So I'm solving this problem through a conditional proof where I assume the antecendent and prove the consequent. In order to do this I proposed a lemma:

Lemma 1: $¬P$

$¬H \Rightarrow ¬P \vee ¬L$

$=\langle Def \Rightarrow \rangle $

$¬¬H \vee ¬P \vee ¬L$

$=\langle Double ¬\rangle $

$H \vee ¬P \vee ¬L$

$=\langle \text{Assumption: } ¬L\Rightarrow ¬P \rangle $

$H \vee ¬P \vee ¬P$

$=\langle \text{Assumption: } ¬H \text{ is true then } H \text{ is false }\rangle $

$false \vee ¬P \vee ¬P$

$=\langle \text{Identity }\vee\text{ and Idempotency}\rangle $

$¬P$

My first question is: Is valid to apply this assumption in the way that I did: $\langle\text{ Assumption: }¬L\Rightarrow ¬P \rangle $ and just replace ¬L by ¬P? I know Modus Ponens but don't know if it's valid in this case. If it is valid, can I always do this? If it's not, why?

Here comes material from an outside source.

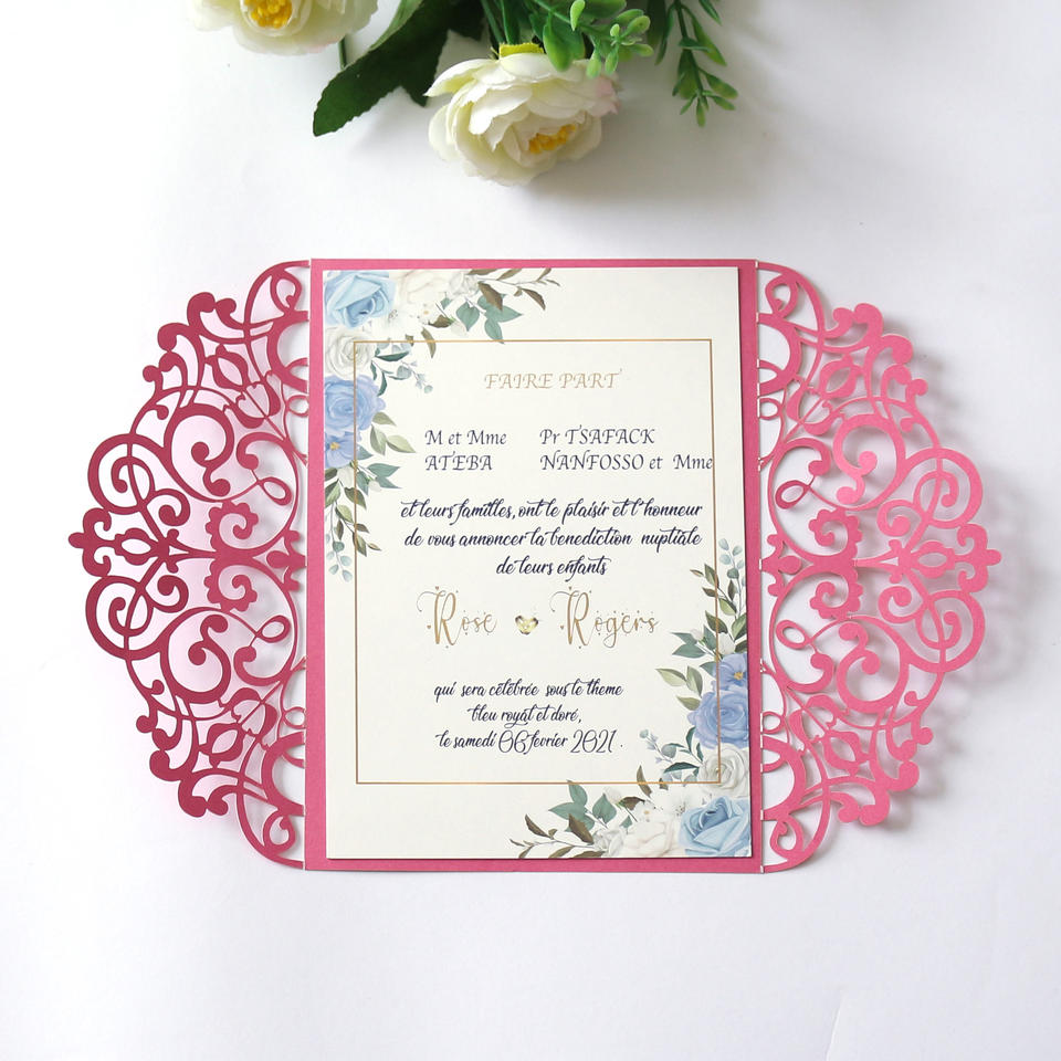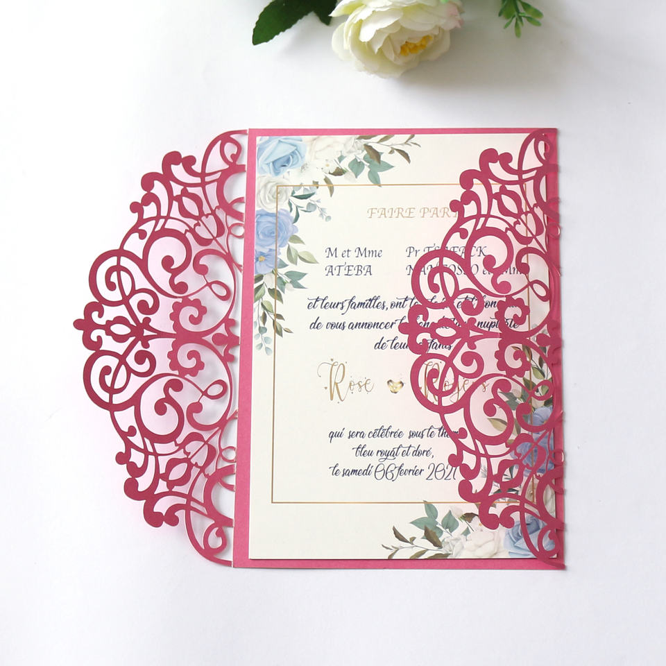Nom du produit:Carte d'invitation de mariage personnalisée découpée au laser au design Unique et personnalisé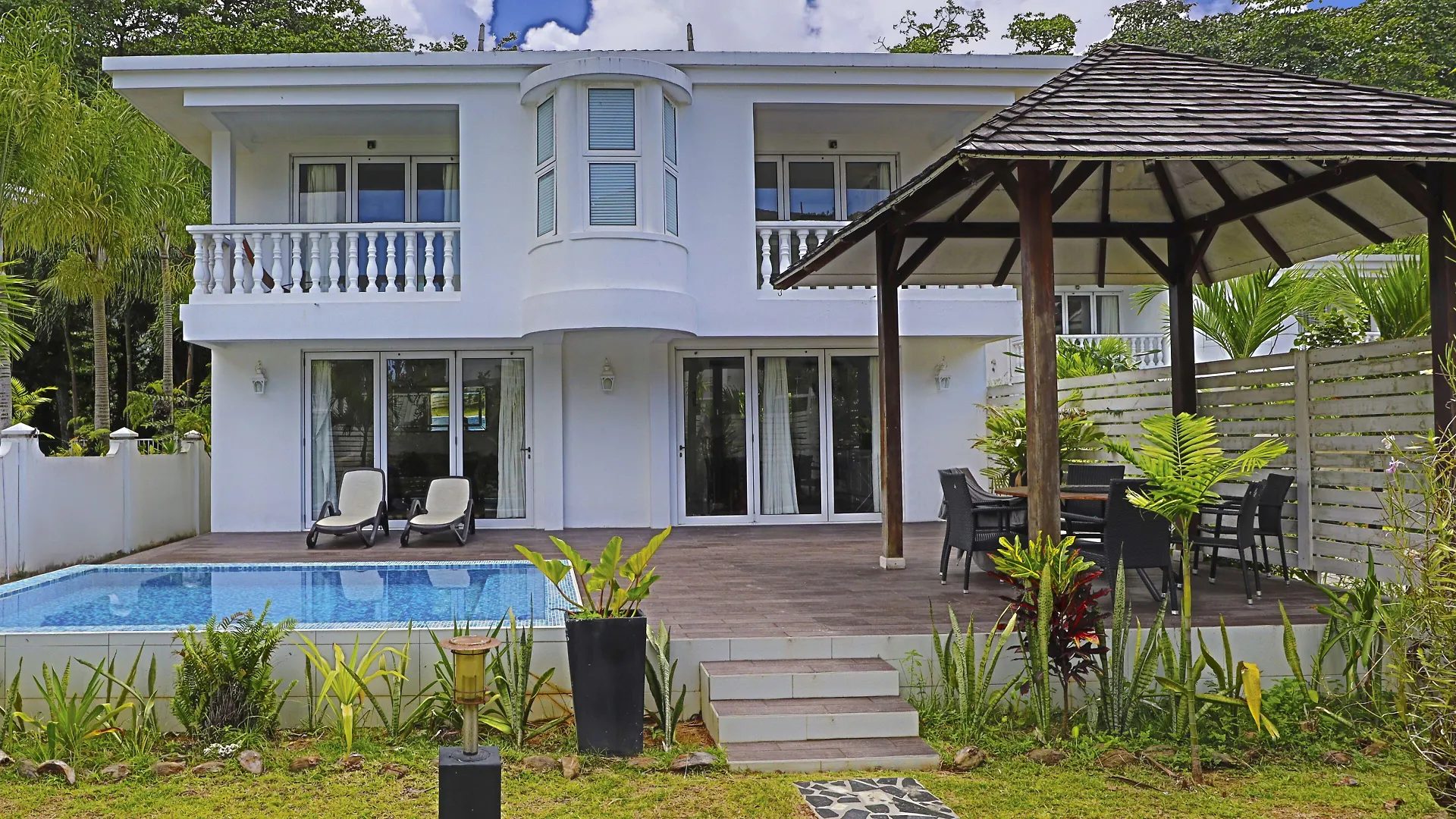 Chateau Elysium - Two Bedroom Villa 1 provides a full-sized refrigerator, a freezer, and a cooktop in a kitchenette area. Mediterranean dishes can be arranged at La Plage restaurant just moments from the Beau Vallon accommodation. Guests will also find Boat House, located a stone's throw from the villa. Guests can relax in a botanical garden with a sunbathing terrace and an outdoor pool.

My second question is: Now that I proved ¬P can I use it in another lemma by replacing it by true? Lemma 1 was enough to proof that ¬P is true?

Meaning:

Lemma 2: $L$

$H\vee P \vee L$

$=\langle \text{Lemma 1 : }¬P\equiv true, P\equiv false \rangle $

$H\vee false \vee L$

I want to know if this steps that I'm doing are valid or if there is another way to do them in a formal way.

(I don't know if this is relevant, but I'm studying with the book A Logical Approach to Discrete Math by David Gries and Fred Schneider).

Thank you.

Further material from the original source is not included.